__Your assignment__
Transcribe the entries that follow, every word as written, and drop the pictures.

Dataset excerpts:
↓↓↓

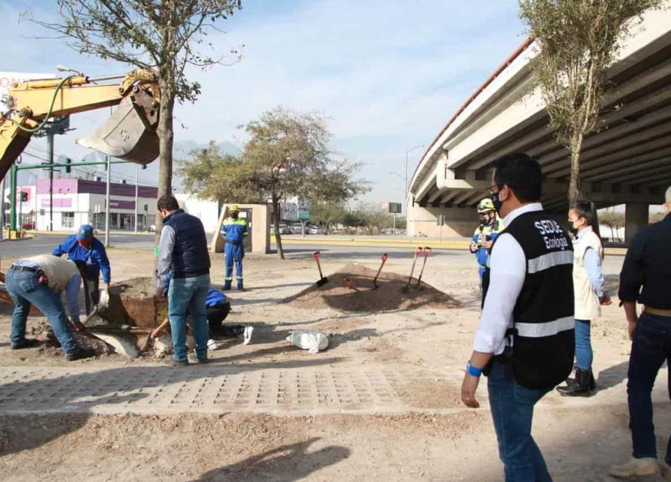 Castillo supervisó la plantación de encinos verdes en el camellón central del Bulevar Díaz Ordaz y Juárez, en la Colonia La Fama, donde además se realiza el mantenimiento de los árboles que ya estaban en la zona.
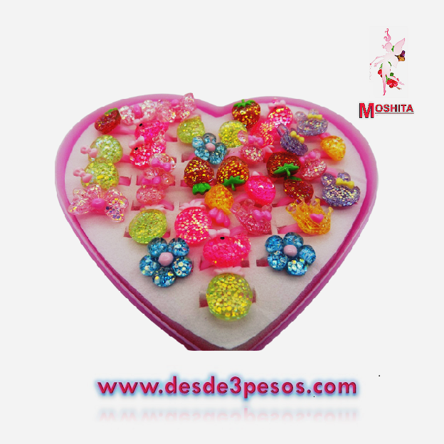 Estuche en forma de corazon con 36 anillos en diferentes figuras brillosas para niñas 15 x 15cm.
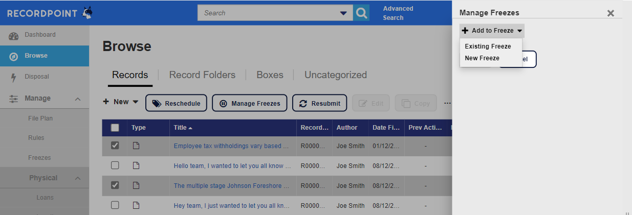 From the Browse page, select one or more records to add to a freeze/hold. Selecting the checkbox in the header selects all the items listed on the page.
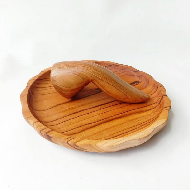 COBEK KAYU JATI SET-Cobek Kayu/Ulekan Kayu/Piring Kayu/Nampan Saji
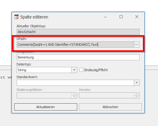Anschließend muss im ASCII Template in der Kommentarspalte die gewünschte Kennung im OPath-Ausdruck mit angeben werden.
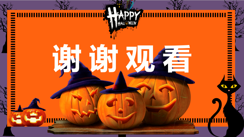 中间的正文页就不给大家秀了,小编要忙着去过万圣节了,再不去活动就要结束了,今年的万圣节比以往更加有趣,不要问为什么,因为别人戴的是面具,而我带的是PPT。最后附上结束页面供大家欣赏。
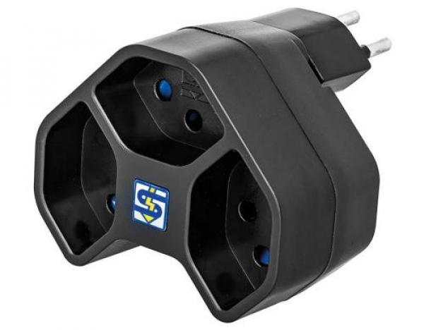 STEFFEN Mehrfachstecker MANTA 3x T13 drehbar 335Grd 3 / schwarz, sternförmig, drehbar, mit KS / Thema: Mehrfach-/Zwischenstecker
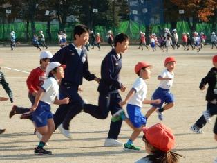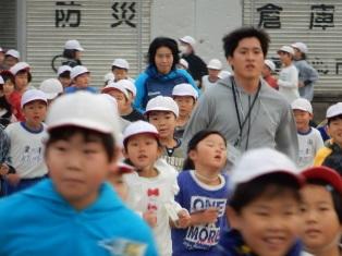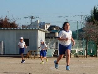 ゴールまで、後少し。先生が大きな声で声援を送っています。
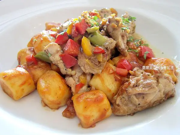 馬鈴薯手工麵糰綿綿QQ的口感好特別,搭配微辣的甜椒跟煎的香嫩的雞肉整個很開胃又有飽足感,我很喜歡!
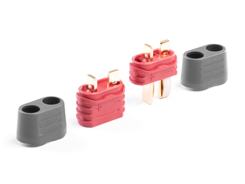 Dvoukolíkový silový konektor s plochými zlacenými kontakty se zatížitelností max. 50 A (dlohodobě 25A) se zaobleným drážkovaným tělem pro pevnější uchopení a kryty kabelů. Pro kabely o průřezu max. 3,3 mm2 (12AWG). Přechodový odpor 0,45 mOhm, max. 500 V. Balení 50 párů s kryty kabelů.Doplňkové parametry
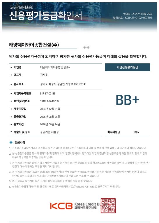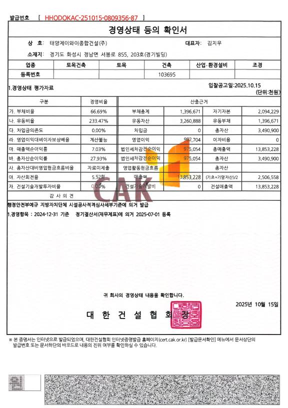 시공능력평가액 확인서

↑↑↑

__Result for this exercise__
 Castillo supervisó la plantación de encinos verdes en el camellón central del Bulevar Díaz Ordaz y Juárez, en la Colonia La Fama, donde además se realiza el mantenimiento de los árboles que ya estaban en la zona.
 Estuche en forma de corazon con 36 anillos en diferentes figuras brillosas para niñas 15 x 15cm.
 From the Browse page, select one or more records to add to a freeze/hold. Selecting the checkbox in the header selects all the items listed on the page.
 COBEK KAYU JATI SET-Cobek Kayu/Ulekan Kayu/Piring Kayu/Nampan Saji
Anschließend muss im ASCII Template in der Kommentarspalte die gewünschte Kennung im OPath-Ausdruck mit angeben werden.
 中间的正文页就不给大家秀了,小编要忙着去过万圣节了,再不去活动就要结束了,今年的万圣节比以往更加有趣,不要问为什么,因为别人戴的是面具,而我带的是PPT。最后附上结束页面供大家欣赏。
 STEFFEN Mehrfachstecker MANTA 3x T13 drehbar 335Grd 3 / schwarz, sternförmig, drehbar, mit KS / Thema: Mehrfach-/Zwischenstecker
 ゴールまで、後少し。先生が大きな声で声援を送っています。
 馬鈴薯手工麵糰綿綿QQ的口感好特別,搭配微辣的甜椒跟煎的香嫩的雞肉整個很開胃又有飽足感,我很喜歡!
 Dvoukolíkový silový konektor s plochými zlacenými kontakty se zatížitelností max. 50 A (dlohodobě 25A) se zaobleným drážkovaným tělem pro pevnější uchopení a kryty kabelů. Pro kabely o průřezu max. 3,3 mm2 (12AWG). Přechodový odpor 0,45 mOhm, max. 500 V. Balení 50 párů s kryty kabelů.Doplňkové parametry
 시공능력평가액 확인서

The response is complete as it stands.